LinuxLists.cc - [GIT PULL] slab for 5.19

2022-05-23 09:58:35

Subject: [GIT PULL] slab for 5.19

Linus,

please pull the latest slab changes from

git://git.kernel.org/pub/scm/linux/kernel/git/vbabka/slab.git tags/slab-for-5.19

======================================

- Conversion of slub_debug stack traces to stackdepot, allowing
more useful debugfs-based inspection for e.g. memory leak
debugging. Allocation and free debugfs info now includes full
traces and is sorted by the unique trace frequency.

The stackdepot conversion was already attempted last year but
reverted by ae14c63a9f20. The memory overhead (while not actually
enabled on boot) has been meanwhile solved by making the large
stackdepot allocation dynamic. The xfstest issues haven't been
reproduced on current kernel locally nor in -next, so the slab
cache layout changes that originally made that bug manifest were
probably not the root cause.

- Refactoring of dma-kmalloc caches creation.

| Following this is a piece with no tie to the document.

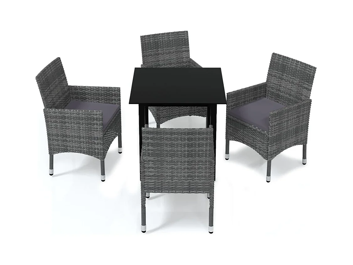 Mobilier à dîner de jardin et coussins 5 pièces Résine tressée Gris

- Trivial cleanups such as removal of unused parameters, fixes
and clarifications of comments.

- Hyeonggon Yoo joins as a reviewer.

Thanks,
Vlastimil

----------------------------------------------------------------
Andrey Konovalov (2):
mm: slab: fix comment for ARCH_KMALLOC_MINALIGN
mm: slab: fix comment for __assume_kmalloc_alignment

Hyeonggon Yoo (2):
mm/slub, kunit: Make slub_kunit unaffected by user specified flags
MAINTAINERS: add myself as reviewer for slab

JaeSang Yoo (2):
mm/slub: remove unused parameter in setup_object*()
mm/slub: remove meaningless node check in ___slab_alloc()

Jiyoup Kim (1):
mm/slub: remove duplicate flag in allocate_slab()

Miaohe Lin (3):
mm/slab: remove some unused functions
mm/slub: remove unneeded return value of slab_pad_check
mm/slub: remove unused kmem_cache_order_objects max

Ohhoon Kwon (1):
mm/slab_common: move dma-kmalloc caches creation into new_kmalloc_cache()

Oliver Glitta (4):
mm/slub: use stackdepot to save stack trace in objects
mm/slub: distinguish and print stack traces in debugfs files
mm/slub: sort debugfs output by frequency of stack traces
slab, documentation: add description of debugfs files for SLUB caches

Vlastimil Babka (3):
lib/stackdepot: allow requesting early initialization dynamically
mm/slub: move struct track init out of set_track()
Merge branches 'slab/for-5.19/stackdepot' and 'slab/for-5.19/refactor' into slab/for-linus

Yixuan Cao (1):
mm/slab.c: fix comments

Documentation/vm/slub.rst | 64 +++++++++++++++++
MAINTAINERS | 1 +
include/linux/slab.h | 15 ++--
include/linux/slub_def.h | 1 -
include/linux/stackdepot.h | 26 +++++--
init/Kconfig | 1 +
lib/Kconfig.debug | 1 +
lib/slub_kunit.c | 10 +--
lib/stackdepot.c | 67 +++++++++++------
mm/page_owner.c | 9 ++-
mm/slab.c | 29 +++-----
mm/slab.h | 5 +-
mm/slab_common.c | 23 +++---
mm/slub.c | 174 ++++++++++++++++++++++++++++-----------------
14 files changed, 283 insertions(+), 143 deletions(-)

2022-05-25 19:02:59

by pr-tracker-bot

[permalink] [raw]

Subject: Re: [GIT PULL] slab for 5.19

The pull request you sent on Mon, 23 May 2022 11:54:08 +0200:

> git://git.kernel.org/pub/scm/linux/kernel/git/vbabka/slab.git tags/slab-for-5.19

has been merged into torvalds/linux.git:
https://git.kernel.org/torvalds/c/2e17ce1106e04a7f3a83796ec623881487f75dd3

Thank you!

--
Deet-doot-dot, I am a bot.
https://korg.docs.kernel.org/prtracker.html

2022-05-25 21:52:47

by Linus Torvalds

[permalink] [raw]

Subject: Re: [GIT PULL] slab for 5.19

On Wed, May 25, 2022 at 1:56 PM Vlastimil Babka <[email protected]> wrote:
>
> As I understand it's a tradeoff between memory overhead due to hash
> table size and cpu overhead due to length of collision chains.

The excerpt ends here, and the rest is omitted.